[[ Material shown open ]]

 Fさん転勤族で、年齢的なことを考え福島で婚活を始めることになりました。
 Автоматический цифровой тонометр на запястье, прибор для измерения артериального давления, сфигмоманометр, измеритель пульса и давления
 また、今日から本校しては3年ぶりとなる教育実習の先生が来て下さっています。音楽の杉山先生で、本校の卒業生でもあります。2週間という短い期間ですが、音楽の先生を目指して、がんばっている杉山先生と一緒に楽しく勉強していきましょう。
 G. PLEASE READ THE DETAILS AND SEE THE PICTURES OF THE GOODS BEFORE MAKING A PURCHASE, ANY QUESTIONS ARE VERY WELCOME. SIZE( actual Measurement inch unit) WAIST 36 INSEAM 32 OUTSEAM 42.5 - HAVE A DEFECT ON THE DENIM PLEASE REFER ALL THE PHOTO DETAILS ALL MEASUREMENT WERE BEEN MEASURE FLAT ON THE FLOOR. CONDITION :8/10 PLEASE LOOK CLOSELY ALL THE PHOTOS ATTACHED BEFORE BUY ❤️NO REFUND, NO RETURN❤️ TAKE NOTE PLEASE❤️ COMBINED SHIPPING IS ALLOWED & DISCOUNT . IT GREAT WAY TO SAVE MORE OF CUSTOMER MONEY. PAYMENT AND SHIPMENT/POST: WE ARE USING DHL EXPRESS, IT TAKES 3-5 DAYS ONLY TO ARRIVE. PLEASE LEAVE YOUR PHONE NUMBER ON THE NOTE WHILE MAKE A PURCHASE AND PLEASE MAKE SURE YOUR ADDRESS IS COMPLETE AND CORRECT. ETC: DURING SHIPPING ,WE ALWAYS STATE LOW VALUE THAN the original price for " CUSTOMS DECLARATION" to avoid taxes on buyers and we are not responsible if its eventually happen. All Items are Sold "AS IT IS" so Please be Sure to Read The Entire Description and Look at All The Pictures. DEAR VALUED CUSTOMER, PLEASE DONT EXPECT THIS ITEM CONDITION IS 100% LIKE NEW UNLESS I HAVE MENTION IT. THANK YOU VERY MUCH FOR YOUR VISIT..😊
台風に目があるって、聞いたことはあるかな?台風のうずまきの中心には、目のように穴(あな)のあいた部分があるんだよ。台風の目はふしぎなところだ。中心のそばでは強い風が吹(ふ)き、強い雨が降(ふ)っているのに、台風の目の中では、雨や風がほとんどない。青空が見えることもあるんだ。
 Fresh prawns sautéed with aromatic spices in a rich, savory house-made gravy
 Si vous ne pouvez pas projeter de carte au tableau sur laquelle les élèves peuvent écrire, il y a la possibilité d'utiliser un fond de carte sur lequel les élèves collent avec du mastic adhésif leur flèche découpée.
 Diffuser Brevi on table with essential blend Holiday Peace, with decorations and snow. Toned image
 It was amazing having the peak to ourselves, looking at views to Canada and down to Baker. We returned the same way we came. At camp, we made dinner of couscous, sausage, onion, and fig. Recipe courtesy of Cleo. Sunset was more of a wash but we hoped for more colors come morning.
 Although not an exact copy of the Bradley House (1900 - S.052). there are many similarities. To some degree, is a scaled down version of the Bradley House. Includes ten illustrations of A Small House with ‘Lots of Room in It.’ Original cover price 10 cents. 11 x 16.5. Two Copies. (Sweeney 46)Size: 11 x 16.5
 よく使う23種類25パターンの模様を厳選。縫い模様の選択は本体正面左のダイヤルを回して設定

[[ Material shown closed ]]

**Exercise goal:**
Using the listing above, work out how many lines include the word "made", and report that number alone.

**Output for this exercise:**
2